Modified: trunk/openvas-plugins/ChangeLog
===================================================================

--- trunk/openvas-plugins/ChangeLog	2012-04-02 14:54:18 UTC (rev 13182)
+++ trunk/openvas-plugins/ChangeLog	2012-04-02 15:34:57 UTC (rev 13183)
@@ -1,6 +1,15 @@
 2012-04-02  Michael Meyer <michael.meyer at greenbone.net>
 
 	* scripts/vmware_esx.inc:
+	Cosmetics.
+
+	* scripts/ldap.inc:
+	Fix for ADS in function is_ldapv3(). Many thanks to
+	Guillaume Castagnino for the patch.
+
+2012-04-02  Michael Meyer <michael.meyer at greenbone.net>
+
+	* scripts/vmware_esx.inc:
 	Fixed parse error.
 
 2012-04-02  Michael Meyer <michael.meyer at greenbone.net>

Modified: trunk/openvas-plugins/scripts/ldap.inc
===================================================================
--- trunk/openvas-plugins/scripts/ldap.inc	2012-04-02 14:54:18 UTC (rev 13182)

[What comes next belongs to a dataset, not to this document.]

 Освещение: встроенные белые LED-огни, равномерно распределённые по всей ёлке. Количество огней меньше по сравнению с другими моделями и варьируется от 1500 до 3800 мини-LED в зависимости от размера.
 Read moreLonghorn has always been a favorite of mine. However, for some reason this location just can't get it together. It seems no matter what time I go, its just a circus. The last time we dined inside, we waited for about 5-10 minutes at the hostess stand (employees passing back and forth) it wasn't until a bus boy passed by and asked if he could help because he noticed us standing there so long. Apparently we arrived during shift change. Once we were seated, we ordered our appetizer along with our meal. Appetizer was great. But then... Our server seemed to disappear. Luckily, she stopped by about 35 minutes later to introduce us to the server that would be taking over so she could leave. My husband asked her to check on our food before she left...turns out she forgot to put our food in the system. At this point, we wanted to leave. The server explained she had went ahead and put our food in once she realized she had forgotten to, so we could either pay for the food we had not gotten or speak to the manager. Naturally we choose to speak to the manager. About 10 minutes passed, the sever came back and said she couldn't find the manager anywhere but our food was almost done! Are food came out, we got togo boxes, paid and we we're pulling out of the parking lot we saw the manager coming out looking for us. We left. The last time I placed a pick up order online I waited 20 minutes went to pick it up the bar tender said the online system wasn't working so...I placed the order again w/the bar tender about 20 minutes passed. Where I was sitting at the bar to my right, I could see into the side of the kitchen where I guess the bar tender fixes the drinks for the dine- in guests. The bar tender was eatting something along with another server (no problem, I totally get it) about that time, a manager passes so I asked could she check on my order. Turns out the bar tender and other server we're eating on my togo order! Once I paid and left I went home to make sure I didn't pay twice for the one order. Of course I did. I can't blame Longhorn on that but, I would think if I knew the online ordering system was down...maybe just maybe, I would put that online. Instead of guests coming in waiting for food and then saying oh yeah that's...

+++ trunk/openvas-plugins/scripts/ldap.inc	2012-04-02 15:34:57 UTC (rev 13183)
@@ -52,23 +52,60 @@
  return NULL;
 }
 
+# extract the message length
+# WARNING offset is updated by the function call (reference) !

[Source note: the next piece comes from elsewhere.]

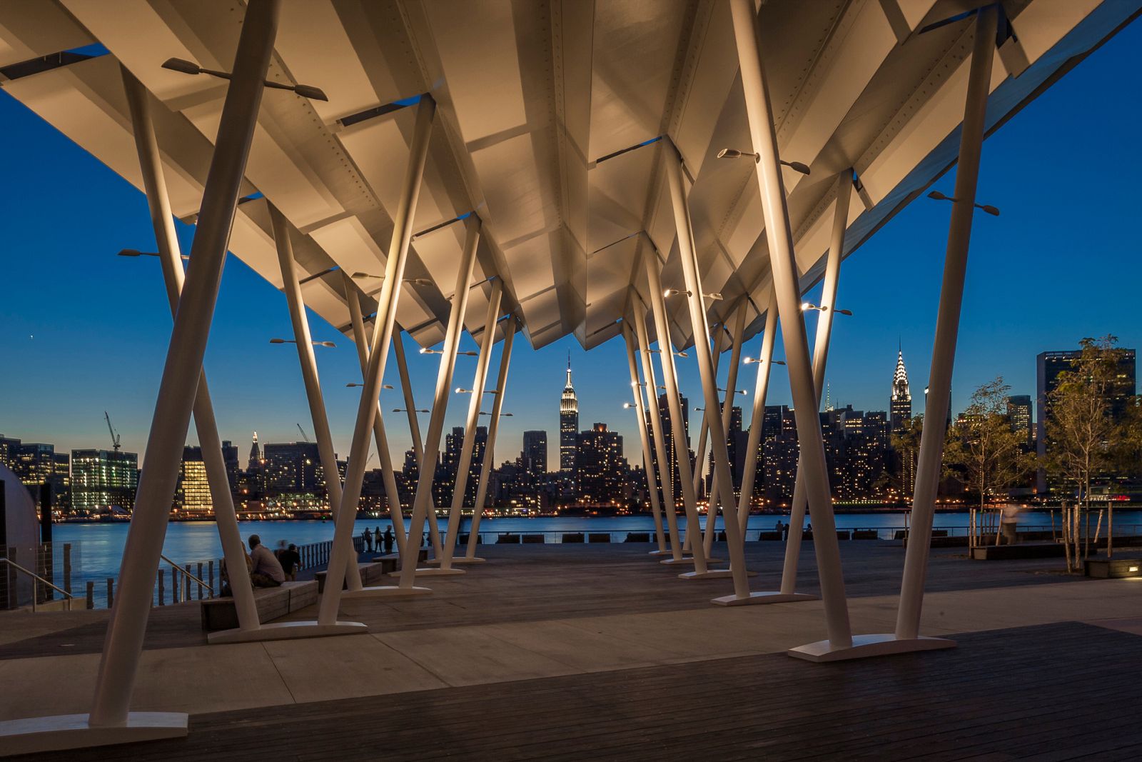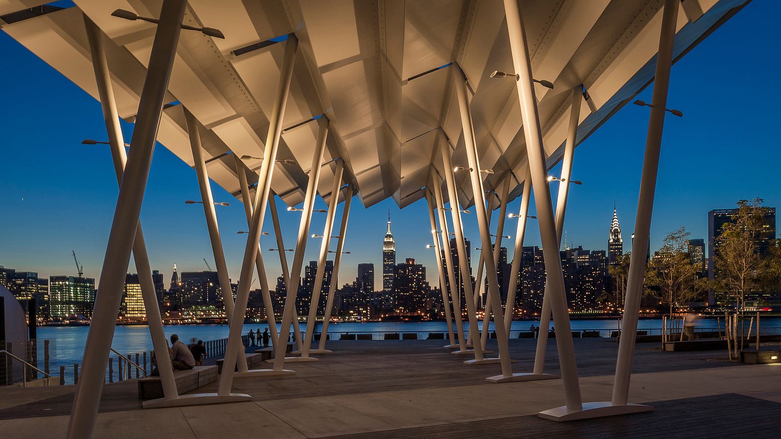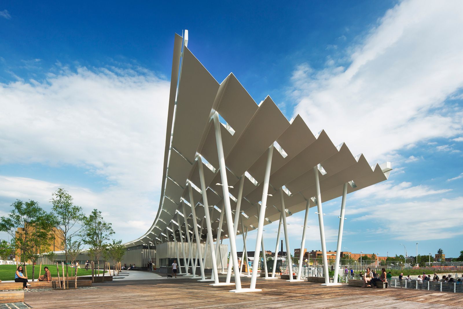 A curved pavilion frames the southern edge of the lawn and extends to form a pleated steel canopy, providing shade for an outdoor café and framing a powerful view across the river to the Empire State Building.

+function get_ber_size(buf, offset) {
+    local_var lm_length, length_length, i;
+    lm_length = ord(buf[offset]);
+    offset++;
+    if(lm_length > 128) {
+        # undetermined length message
+        length_length = lm_length - 128;
+        lm_length = 0;
+        for(i=0; i<length_length; i++) {
+            lm_length = (lm_length << 8) | ord(buf[offset++]);
+        }
+    }
+    return lm_length;
+}
+
 function is_ldapv3(port) {
+    local_var offset, lm_length, messageId_length, bindResponse_length, resultCode_length, resultCode, i, soc, buf;
 
-  soc = open_sock_tcp(port);
-  if(!soc)return FALSE;
+    soc = open_sock_tcp(port);
+    if(!soc) return FALSE;
 
-  req =  raw_string(0x30,0x0c,0x02,0x01,0x01,0x60,0x07,0x02,0x01,0x03,0x04,0x00,0x80,0x00); # v3 bind
-  send(socket:soc, data:req);
+    req =  raw_string(0x30,0x0c,0x02,0x01,0x01,0x60,0x07,0x02,0x01,0x03,0x04,0x00,0x80,0x00); # v3 bind
+    send(socket:soc, data:req);
 
-  buf = recv(socket:soc, length:128);
-  close(soc);
+    buf = recv(socket:soc, length:128);
+    close(soc);
 
-  if(!buf)return FALSE;
+    if(!buf) return FALSE;
 
-  if(ord(buf[9]) == 0 && ord(buf[10]) == 4 && ord(buf[11] == 0)) { # ord(buf[9] == bindResponse -> resultCode. 0 == success, >0 == error
-    return TRUE;
-  }  
+    # decode ldapMessage length (encoded as BER)
+    offset = 0;
+    if(ord(buf[offset++]) != 48) return FALSE; # (0x30)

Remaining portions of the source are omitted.